### INFORMATION SUPPLIED
○ ○ ○ ○ ○
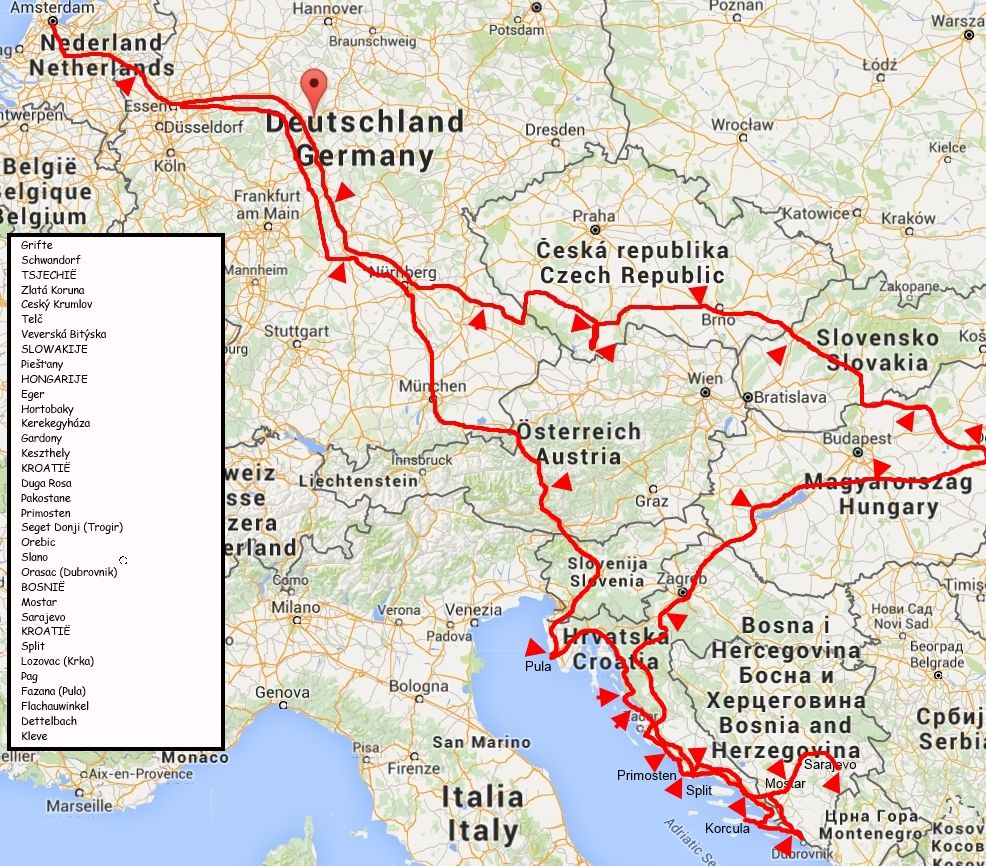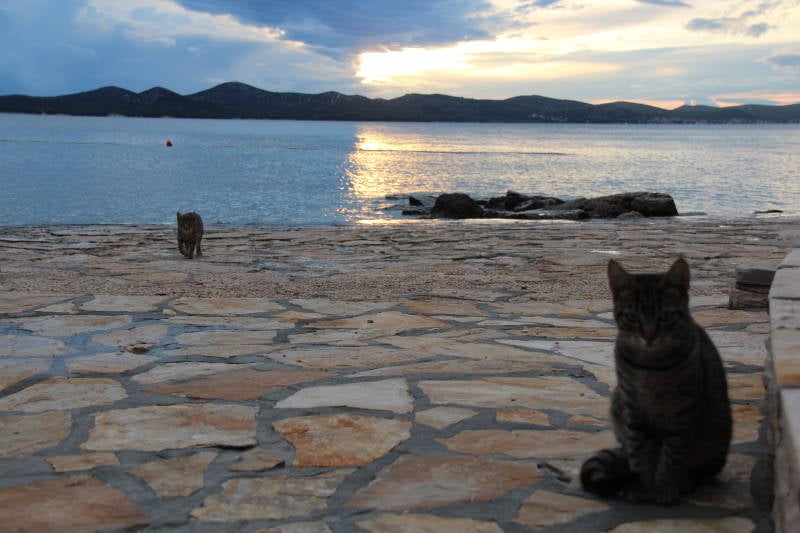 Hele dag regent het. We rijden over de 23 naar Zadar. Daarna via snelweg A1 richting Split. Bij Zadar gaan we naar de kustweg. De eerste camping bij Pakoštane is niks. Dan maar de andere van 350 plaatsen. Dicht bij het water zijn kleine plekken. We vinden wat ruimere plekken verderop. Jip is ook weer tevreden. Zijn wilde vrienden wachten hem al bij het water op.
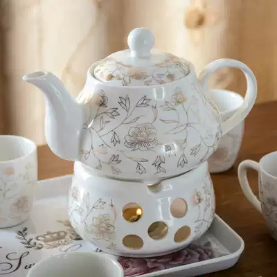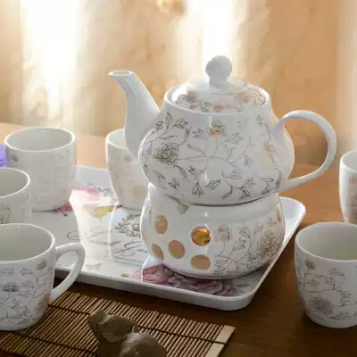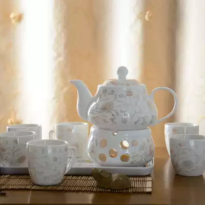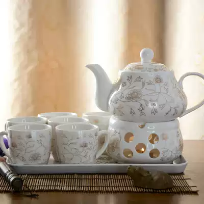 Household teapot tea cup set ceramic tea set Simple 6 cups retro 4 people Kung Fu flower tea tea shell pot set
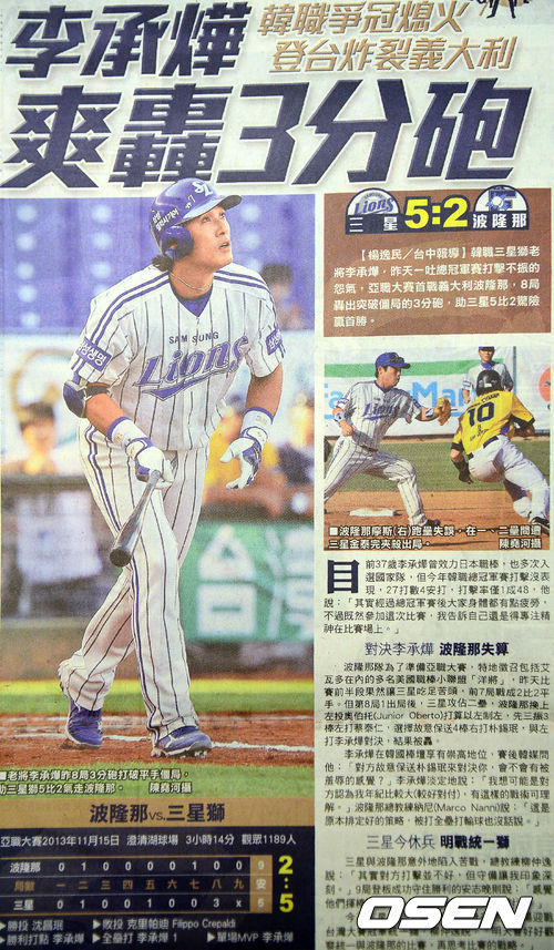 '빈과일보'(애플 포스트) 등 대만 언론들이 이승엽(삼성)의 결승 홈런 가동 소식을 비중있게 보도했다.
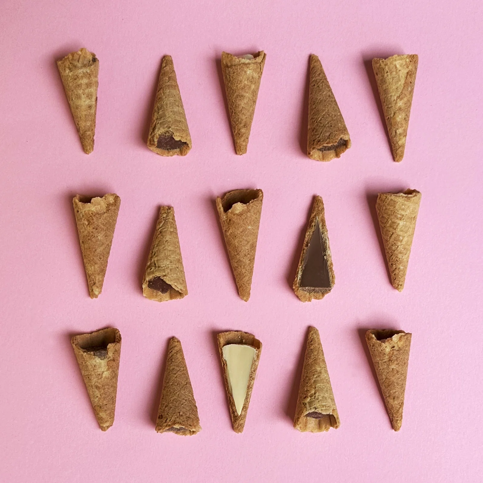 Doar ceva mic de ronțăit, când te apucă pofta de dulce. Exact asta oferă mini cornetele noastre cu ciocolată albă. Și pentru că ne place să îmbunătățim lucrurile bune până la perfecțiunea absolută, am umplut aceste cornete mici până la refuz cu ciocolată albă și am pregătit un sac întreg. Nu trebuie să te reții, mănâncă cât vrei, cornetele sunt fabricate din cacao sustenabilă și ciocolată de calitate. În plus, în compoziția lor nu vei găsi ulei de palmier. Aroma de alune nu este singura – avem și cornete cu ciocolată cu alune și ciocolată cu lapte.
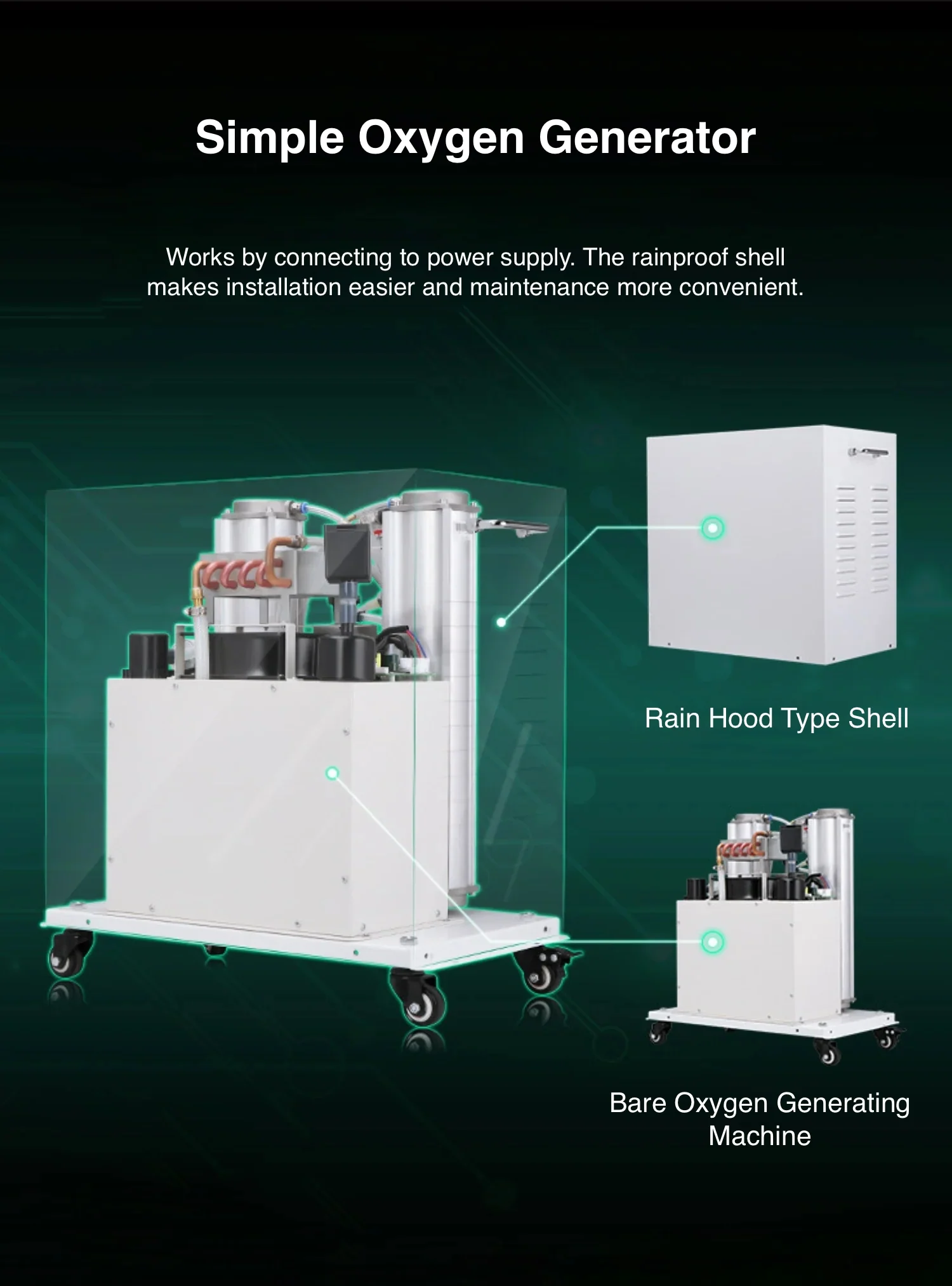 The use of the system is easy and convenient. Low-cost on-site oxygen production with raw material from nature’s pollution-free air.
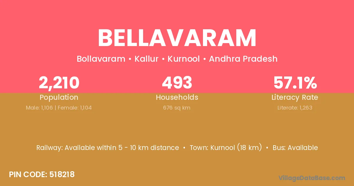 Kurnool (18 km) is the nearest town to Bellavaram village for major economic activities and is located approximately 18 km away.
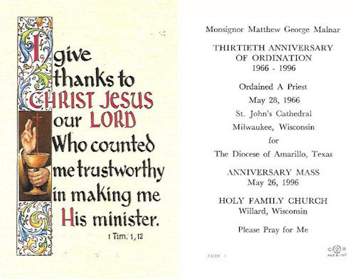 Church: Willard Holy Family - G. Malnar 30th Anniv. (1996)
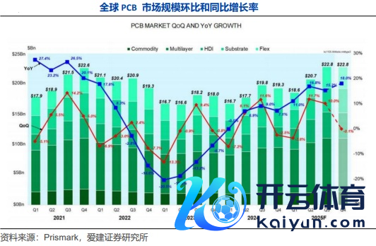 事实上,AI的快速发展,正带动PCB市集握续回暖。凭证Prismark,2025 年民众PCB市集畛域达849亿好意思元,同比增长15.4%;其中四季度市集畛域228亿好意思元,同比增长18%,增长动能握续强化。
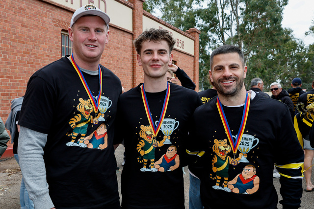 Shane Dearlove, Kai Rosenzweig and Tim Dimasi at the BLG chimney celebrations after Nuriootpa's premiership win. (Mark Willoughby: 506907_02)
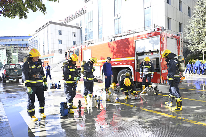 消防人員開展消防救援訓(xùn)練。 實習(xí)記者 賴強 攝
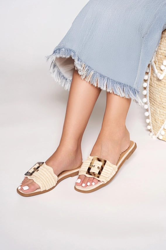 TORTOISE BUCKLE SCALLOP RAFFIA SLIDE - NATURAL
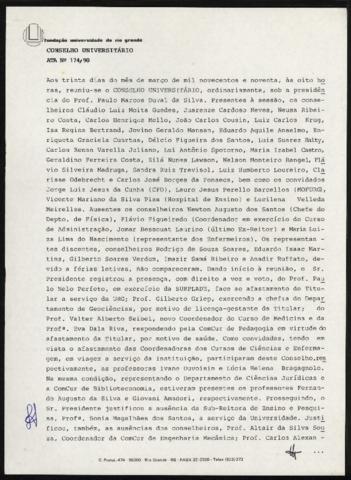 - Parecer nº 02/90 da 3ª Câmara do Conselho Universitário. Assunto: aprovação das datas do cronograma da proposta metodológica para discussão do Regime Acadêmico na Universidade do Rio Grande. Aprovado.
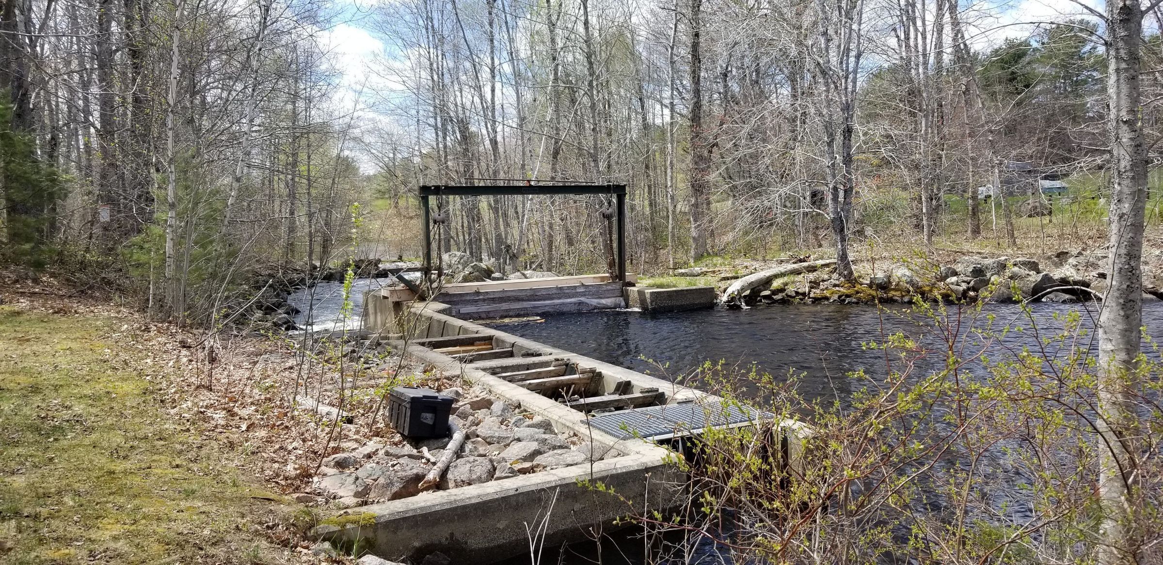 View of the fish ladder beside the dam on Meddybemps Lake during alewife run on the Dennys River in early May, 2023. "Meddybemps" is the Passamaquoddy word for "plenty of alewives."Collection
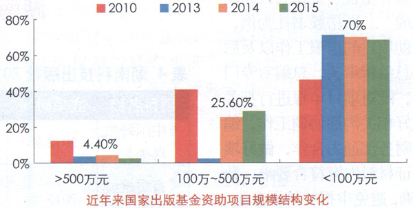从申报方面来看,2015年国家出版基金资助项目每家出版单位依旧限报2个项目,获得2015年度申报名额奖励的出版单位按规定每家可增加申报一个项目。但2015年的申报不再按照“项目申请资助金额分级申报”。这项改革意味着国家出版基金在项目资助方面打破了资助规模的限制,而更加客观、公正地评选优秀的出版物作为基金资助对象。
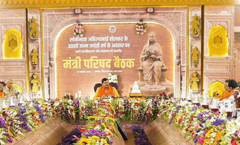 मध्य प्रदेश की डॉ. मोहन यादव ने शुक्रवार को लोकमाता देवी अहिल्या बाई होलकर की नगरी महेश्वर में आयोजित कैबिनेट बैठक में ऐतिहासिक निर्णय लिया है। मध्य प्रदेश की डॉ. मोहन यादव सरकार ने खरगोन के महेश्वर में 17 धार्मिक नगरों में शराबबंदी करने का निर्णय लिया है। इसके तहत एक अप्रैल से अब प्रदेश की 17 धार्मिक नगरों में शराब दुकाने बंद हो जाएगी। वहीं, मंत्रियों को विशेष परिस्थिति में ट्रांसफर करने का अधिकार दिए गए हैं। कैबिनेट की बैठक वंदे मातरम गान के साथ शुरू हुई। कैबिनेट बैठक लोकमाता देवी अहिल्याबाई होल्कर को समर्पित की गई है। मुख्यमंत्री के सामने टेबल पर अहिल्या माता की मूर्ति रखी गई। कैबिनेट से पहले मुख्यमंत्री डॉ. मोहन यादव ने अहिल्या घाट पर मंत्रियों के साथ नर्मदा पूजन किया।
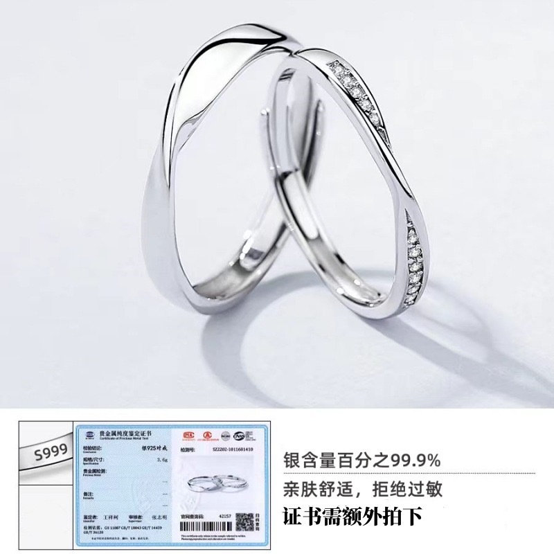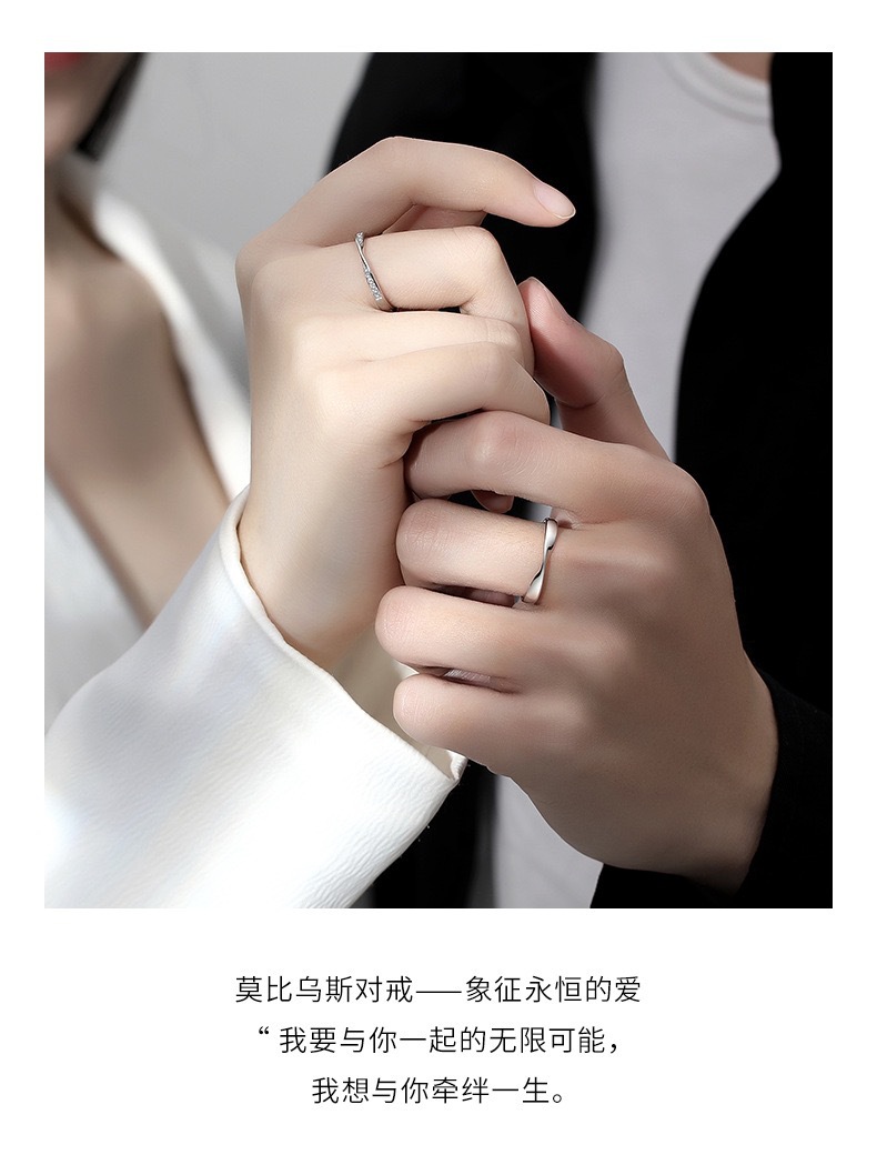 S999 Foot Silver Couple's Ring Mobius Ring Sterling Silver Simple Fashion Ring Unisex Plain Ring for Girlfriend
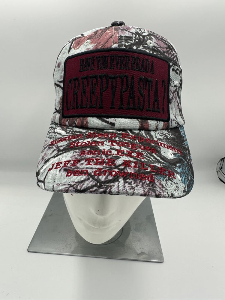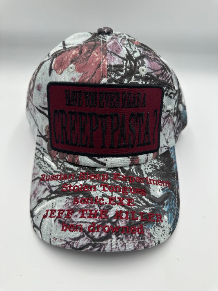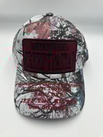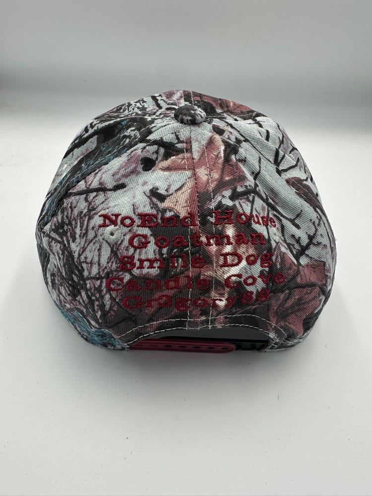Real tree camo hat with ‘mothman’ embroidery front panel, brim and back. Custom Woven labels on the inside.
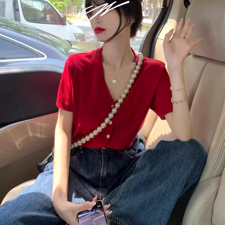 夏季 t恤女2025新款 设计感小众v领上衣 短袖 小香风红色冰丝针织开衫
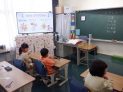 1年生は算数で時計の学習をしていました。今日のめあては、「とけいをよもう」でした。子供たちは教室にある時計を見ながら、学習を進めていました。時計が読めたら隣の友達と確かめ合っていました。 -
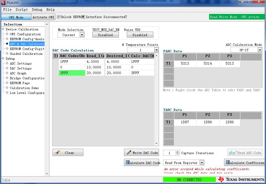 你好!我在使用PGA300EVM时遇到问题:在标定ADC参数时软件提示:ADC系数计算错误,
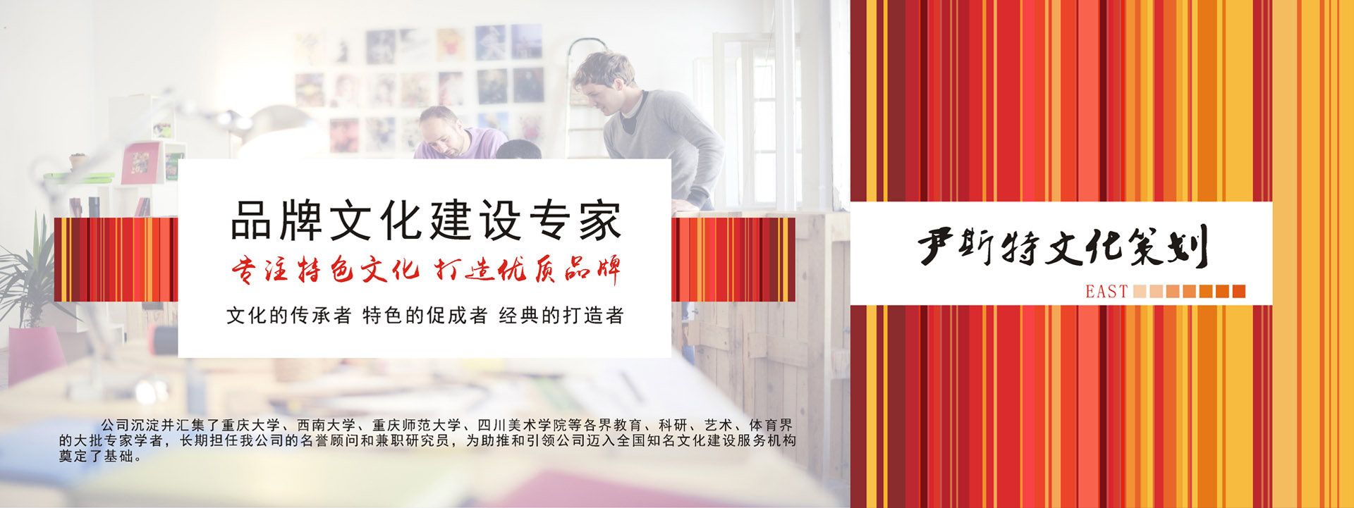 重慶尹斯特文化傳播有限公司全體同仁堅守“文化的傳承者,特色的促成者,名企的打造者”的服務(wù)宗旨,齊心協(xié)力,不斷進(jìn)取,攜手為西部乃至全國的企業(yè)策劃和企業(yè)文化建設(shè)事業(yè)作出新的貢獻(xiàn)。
○ ○ ○ ○ ○
### WORK TASK
Your response should reproduce the entire listing verbatim, minus the pictures.

### RESULT OF THE EXERCISE
 Hele dag regent het. We rijden over de 23 naar Zadar. Daarna via snelweg A1 richting Split. Bij Zadar gaan we naar de kustweg. De eerste camping bij Pakoštane is niks. Dan maar de andere van 350 plaatsen. Dicht bij het water zijn kleine plekken. We vinden wat ruimere plekken verderop. Jip is ook weer tevreden. Zijn wilde vrienden wachten hem al bij het water op.
 Household teapot tea cup set ceramic tea set Simple 6 cups retro 4 people Kung Fu flower tea tea shell pot set
 '빈과일보'(애플 포스트) 등 대만 언론들이 이승엽(삼성)의 결승 홈런 가동 소식을 비중있게 보도했다.
 Doar ceva mic de ronțăit, când te apucă pofta de dulce. Exact asta oferă mini cornetele noastre cu ciocolată albă. Și pentru că ne place să îmbunătățim lucrurile bune până la perfecțiunea absolută, am umplut aceste cornete mici până la refuz cu ciocolată albă și am pregătit un sac întreg. Nu trebuie să te reții, mănâncă cât vrei, cornetele sunt fabricate din cacao sustenabilă și ciocolată de calitate. În plus, în compoziția lor nu vei găsi ulei de palmier. Aroma de alune nu este singura – avem și cornete cu ciocolată cu alune și ciocolată cu lapte.
 The use of the system is easy and convenient. Low-cost on-site oxygen production with raw material from nature’s pollution-free air.
 Kurnool (18 km) is the nearest town to Bellavaram village for major economic activities and is located approximately 18 km away.
 Church: Willard Holy Family - G. Malnar 30th Anniv. (1996)
 事实上,AI的快速发展,正带动PCB市集握续回暖。凭证Prismark,2025 年民众PCB市集畛域达849亿好意思元,同比增长15.4%;其中四季度市集畛域228亿好意思元,同比增长18%,增长动能握续强化。
 Shane Dearlove, Kai Rosenzweig and Tim Dimasi at the BLG chimney celebrations after Nuriootpa's premiership win. (Mark Willoughby: 506907_02)
 消防人員開展消防救援訓(xùn)練。 實習(xí)記者 賴強 攝
 TORTOISE BUCKLE SCALLOP RAFFIA SLIDE - NATURAL
 - Parecer nº 02/90 da 3ª Câmara do Conselho Universitário. Assunto: aprovação das datas do cronograma da proposta metodológica para discussão do Regime Acadêmico na Universidade do Rio Grande. Aprovado.
 View of the fish ladder beside the dam on Meddybemps Lake during alewife run on the Dennys River in early May, 2023. "Meddybemps" is the Passamaquoddy word for "plenty of alewives."Collection
从申报方面来看,2015年国家出版基金资助项目每家出版单位依旧限报2个项目,获得2015年度申报名额奖励的出版单位按规定每家可增加申报一个项目。但2015年的申报不再按照“项目申请资助金额分级申报”。这项改革意味着国家出版基金在项目资助方面打破了资助规模的限制,而更加客观、公正地评选优秀的出版物作为基金资助对象。
 मध्य प्रदेश की डॉ. मोहन यादव ने शुक्रवार को लोकमाता देवी अहिल्या बाई होलकर की नगरी महेश्वर में आयोजित कैबिनेट बैठक में ऐतिहासिक निर्णय लिया है। मध्य प्रदेश की डॉ. मोहन यादव सरकार ने खरगोन के महेश्वर में 17 धार्मिक नगरों में शराबबंदी करने का निर्णय लिया है। इसके तहत एक अप्रैल से अब प्रदेश की 17 धार्मिक नगरों में शराब दुकाने बंद हो जाएगी। वहीं, मंत्रियों को विशेष परिस्थिति में ट्रांसफर करने का अधिकार दिए गए हैं। कैबिनेट की बैठक वंदे मातरम गान के साथ शुरू हुई। कैबिनेट बैठक लोकमाता देवी अहिल्याबाई होल्कर को समर्पित की गई है। मुख्यमंत्री के सामने टेबल पर अहिल्या माता की मूर्ति रखी गई। कैबिनेट से पहले मुख्यमंत्री डॉ. मोहन यादव ने अहिल्या घाट पर मंत्रियों के साथ नर्मदा पूजन किया।
 S999 Foot Silver Couple's Ring Mobius Ring Sterling Silver Simple Fashion Ring Unisex Plain Ring for Girlfriend
Real tree camo hat with ‘mothman’ embroidery front panel, brim and back. Custom Woven labels on the inside.
 夏季 t恤女2025新款 设计感小众v领上衣 短袖 小香风红色冰丝针织开衫
 1年生は算数で時計の学習をしていました。今日のめあては、「とけいをよもう」でした。子供たちは教室にある時計を見ながら、学習を進めていました。時計が読めたら隣の友達と確かめ合っていました。 -
 你好!我在使用PGA300EVM时遇到问题:在标定ADC参数时软件提示:ADC系数计算错误,
 重慶尹斯特文化傳播有限公司全體同仁堅守“文化的傳承者,特色的促成者,名企的打造者”的服務(wù)宗旨,齊心協(xié)力,不斷進(jìn)取,攜手為西部乃至全國的企業(yè)策劃和企業(yè)文化建設(shè)事業(yè)作出新的貢獻(xiàn)。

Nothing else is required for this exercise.